We notice that the annotation performance using CNFP sampling strategy (Ref. 2.2) increases with prolonged interaction, whereas the performance using other sampling strategies saturates. The CNFP sampling strategy (Ref. 2.2) achieves an average F1 score of 0.94 and an average Jaccard index score (represents the amount of overlap with the ground truth segmentation mask) of 0.85 within 10 sessions per slide. This includes providing 10 random tumor query patches and reviewing 250 patches (\(\approx 2\%\) of total patches per slide). It is important to note that though the entropy-based sampling strategy shows a similar trend, its performance is poor during the initial sessions. Figure 4 shows the segmentation output of a sample slide using the proposed interactive learning technique. The improvement of segmented output using different sampling strategies over feedback sessions is shown. We can observe that the CNFP sampling strategy (Ref. 2.2) performs better than the other sampling strategies by obtaining a segmentation output with a Jaccard index of (\(\approx 0.98\)) at the end of 10 sessions.

Figure 5 shows the inter slide annotation results. Here the patches sampled for feedback belong to a slide different from the one understudy. The technique can be useful to help annotate multiple slides concurrently using patches queried from one slide. The segmentation results shown here are the results across 10 feedback sessions. From a diagnostic viewpoint, this could be helpful to search across multiple slides for anomalous patterns present in a slide that was already diagnosed.

Fig. 5.
figure 5

Inter slide annotation: annotation results across slides with a single slide under review using the CNFP sampling strategy. The segmentation output results show that the proposed method is robust to the queried slide and is able to find anomalous patterns existing across multiple slides

Fig. 6.
figure 6

Ablation studies: showing the effect of layers used for finetuning the model and query refinement on the final results using the CRC dataset [9]

4.3 Ablation Studies

We analysed two aspects for the ablation purpose on the final results. The layers used for finetuning and the effect of query refinement. Figure 6 shows the results of the ablation study performed on the CRC dataset [9].
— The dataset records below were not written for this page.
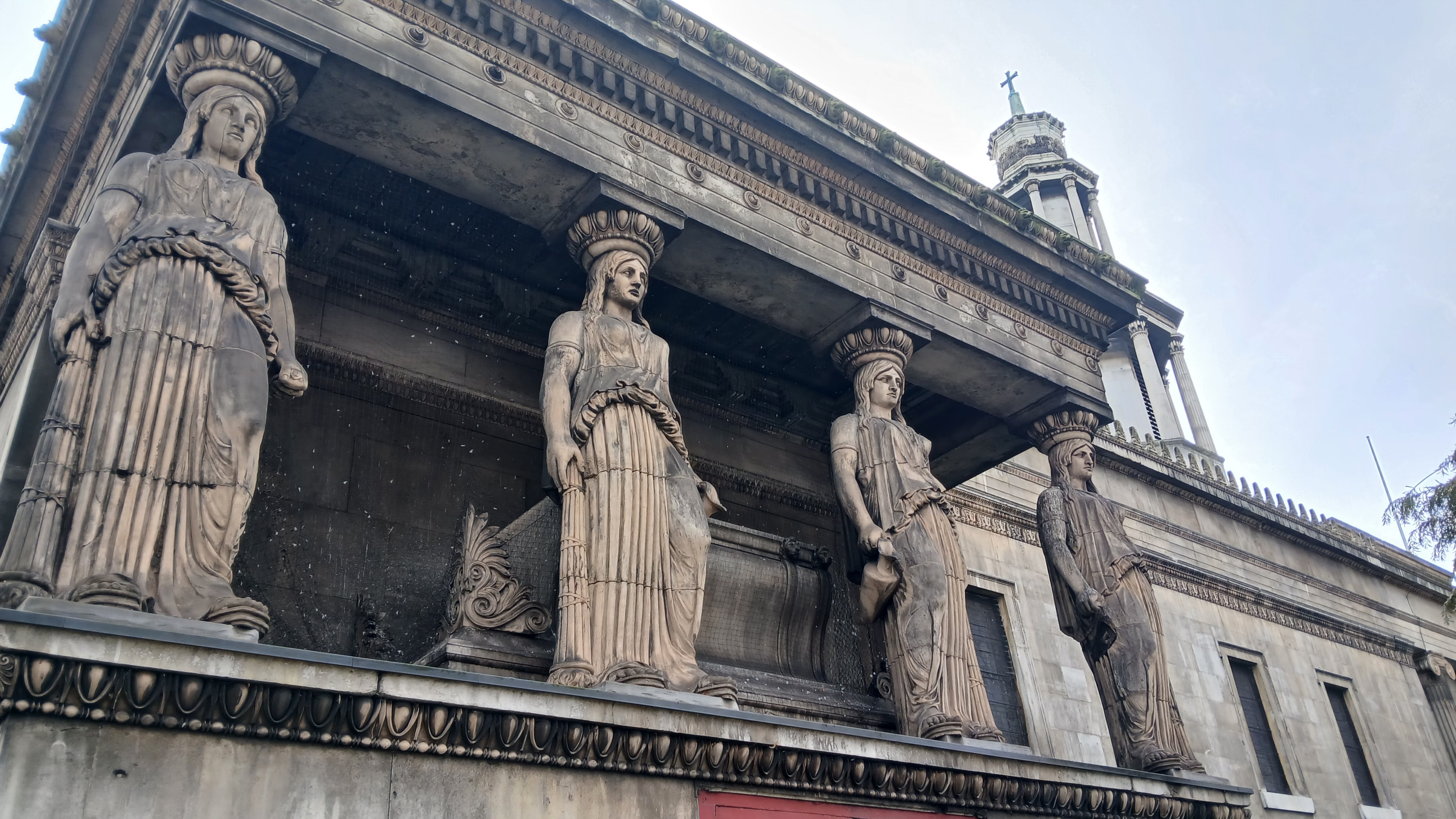 The church’s website describes it as ‘liberal Anglican Christianity in Central London.’ Located in Euston Road, it serves the communities of Euston, St Pancras and Somers Town. The church building was consecrated in 1822 and was known as ‘new’ St Pancras as it replaced the neglected and dilapidated ‘old’ St Pancras, which has since been restored as a parish church. The most celebrated features of the church are the two sets of caryatids: Greek statues copied from those on the Acropolis in Athens, designed by local architect William Inwood and his son, Henry Inwood. The statues are made of terracotta and were constructed in sections around cast-iron columns. They are certainly impressive at first sight. The total cost of the building was £76,679, making it the most expensive church to be built since the reconstruction of St Paul’s Cathedral following the Great Fire. The Crypt Gallery beneath the church is a spacious exhibition area hosting art displays, private events and film and photo shoots. The church holds lunchtime music recitals twice a week and a monthly Theological Reading Group. There is a Street Food stall in the church garden open Mondays to Fridays from 11.30 to 2.30 serving a variety of international food.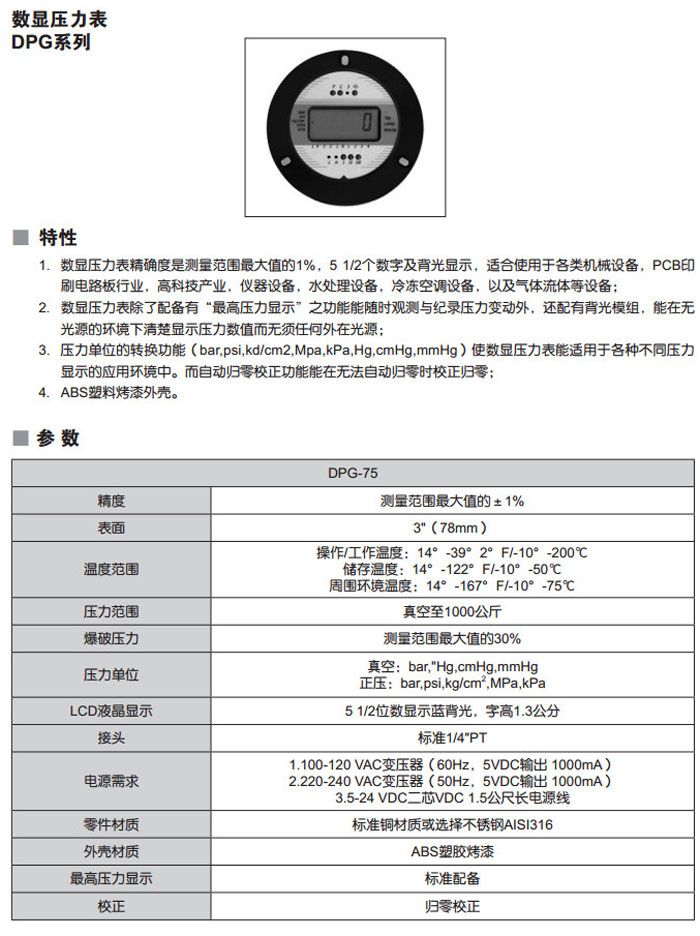 首頁 > 產(chǎn)品&解決方案 > DPG-75-A1,DPG-75-B2,數(shù)顯壓力表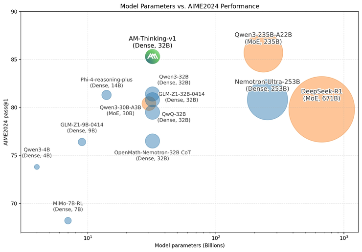 A-M-team 选择反其道而行之,专注在 32B 这一“中尺度模型”的参数区间,其实背后也有有着明确的考量:他们想探索一种在计算资源可控、数据完全开源的条件下,也能实现强大推理能力的路径。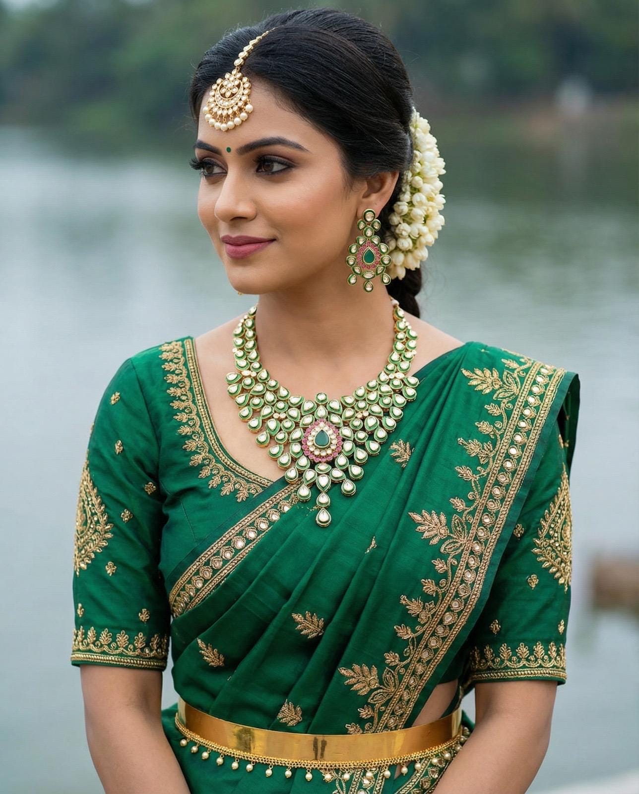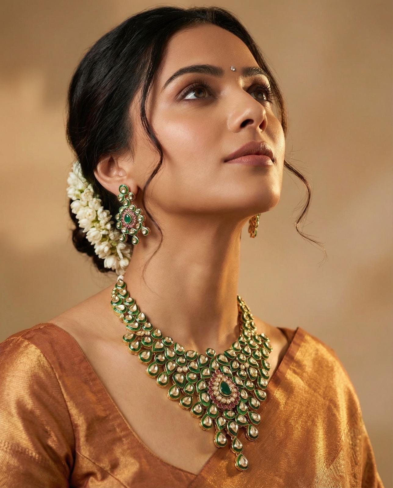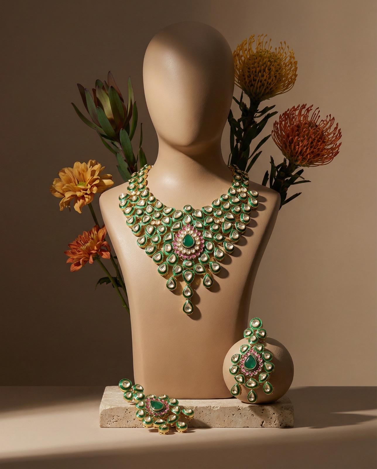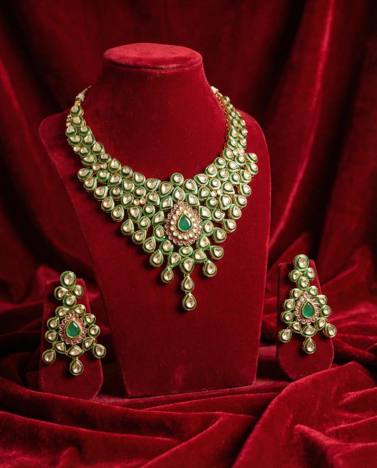 This stunning jewelry set reflects timeless elegance and royal craftsmanship, making it a perfect choice for weddings, festive celebrations, and cultural events.

For the finetuning experiment, we compared the performance obtained by finetuning layer4.0 of ResNet-18 and finetuning layer4.1 of ResNet-18. The model finetuned from layer4.0 reached the desired accuracy faster (20 sessions earlier) than the one finetuned from layer4.1. However, the number of trainable parameters resulting in finetuning from layer4.0 is about \(78\%\) more than layer4.1. This would increase both the time duration between every feedback session and memory for training. Hence we chose layer4.1 by prioritising the efficiency and time over the number of feedback sessions taken to achieve the desired accuracy.

We also analysed the effect of query refinement on the final results. It was observed that experiments without query refinement initially had good accuracy, but it saturates within 50 feedback sessions. The experiments performed using query refinement had a low initial accuracy but continued to increase over feedback sessions.

5 Conclusion

We propose expert feedback-driven interactive learning, which effectively reduces the requirement of large amounts of patch-level annotated images for a deep-learning-based WSI analysis. Our technique also assists WSI tumor(anomalous) region annotations and WSI diagnosis with minimal expert involvement. The proposed technique requires multiple rounds of expert feedback on informative patches selected using a novel method of sampling from a ranked list of patches. Experimentation results show that the proposed technique required only \(5\%\) of the total annotated patches to achieve state-of-the-art results. Experimentation on WSI annotation shows that the proposed technique reduces the expert efforts by requiring feedback of only 250 patches which is about \(2\%\) of total patches per slide, to obtain segmentation outputs with \(85\%\) IOU. Inter slide annotation results also show that the proposed technique can annotate anomalous regions across multiple slides using a single slide under review. These annotated data can further be refined and used to build AI models aimed at being used as potential prognostic and diagnostic tools.